When the hospital census is high, perioperative medical directors or operating room (OR) managers sometimes need to review with surgical departments as to which surgical cases scheduled to be ...performed within the next three days may need to be postponed. Although distributions of hospital length of stay (LOS) are highly skewed, a surprisingly effective summary measure is the percentage of patients previously undergoing the same category of procedure as that scheduled whose LOS was zero or one day. We evaluated how to forecast each hospital's percentage of cases with LOS of <2 days, segmented by category of surgical procedure. The large teaching hospital studied included several inpatient adult surgical suites, an ambulatory surgery center, and a pediatric surgical suite.
We included 98,540 cases in a training dataset to predict 24,338 cases in a test dataset. For each category of procedure, we calculated the cumulative count of cases among quarters, from the most recent quarter, second most recent quarter, and so forth up to the quarter resulting in at least 800 cases. If every quarter combined had fewer than 800 cases for a given category of procedure, we included all cases for that category. For each combination of category and quarter, we used the cumulative counts of cases and cases with LOS of <2 days, excluding the current quarter. Then, for each category of procedure, and for each of the preceding quarters included for the category, we used the cumulative counts to calculate the asymptotic standard error (SE) for the proportion of cases with LOS of <2 days. If all preceding quarters combined provided a sample size such that the estimated SE for the proportion exceeded 1.25%, we included all preceding quarters. The observed absolute percentage error was 0.76% (SE: 0.12%).
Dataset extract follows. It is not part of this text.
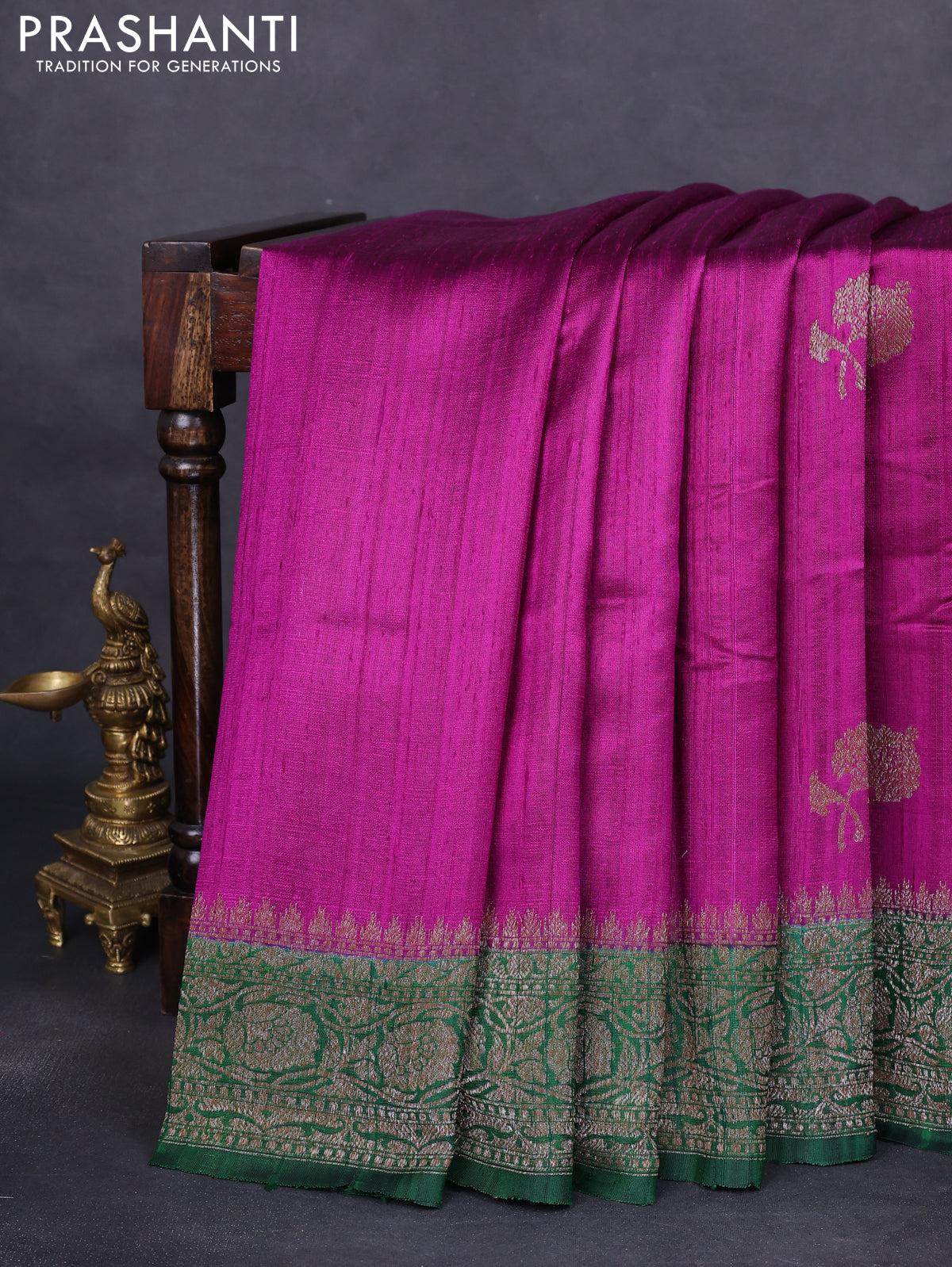 Banarasi raw silk saree purple and green with woven buttas and woven border

This error was nearly 100-fold smaller than the percentage of cases to which it would be used (i.e., 0.76% versus 73.1% with LOS of <2 days). The principal weakness of the forecasting methodology was a small bias caused by a progressive reduction in the overall LOS over time. However, this bias is unlikely to be important for predicting cases’ LOS when the hospital census is high. When performing these time series calculations quarterly, a reasonable approach is to perform calculations of both case counts and SEs for each category of procedure. We recommend using the fewest historical quarters, starting with the most recent quarter, either with at least 800 cases or an estimated asymptotic SE for the estimated percentage no greater than 1.25%. Applying our methodology with local LOS data will allow OR managers to estimate the number of patients on the elective OR schedule each day who will be hospitalized for longer than overnight, facilitating communication and decision-making with surgical departments when census considerations constrain the ability to run a full surgical schedule.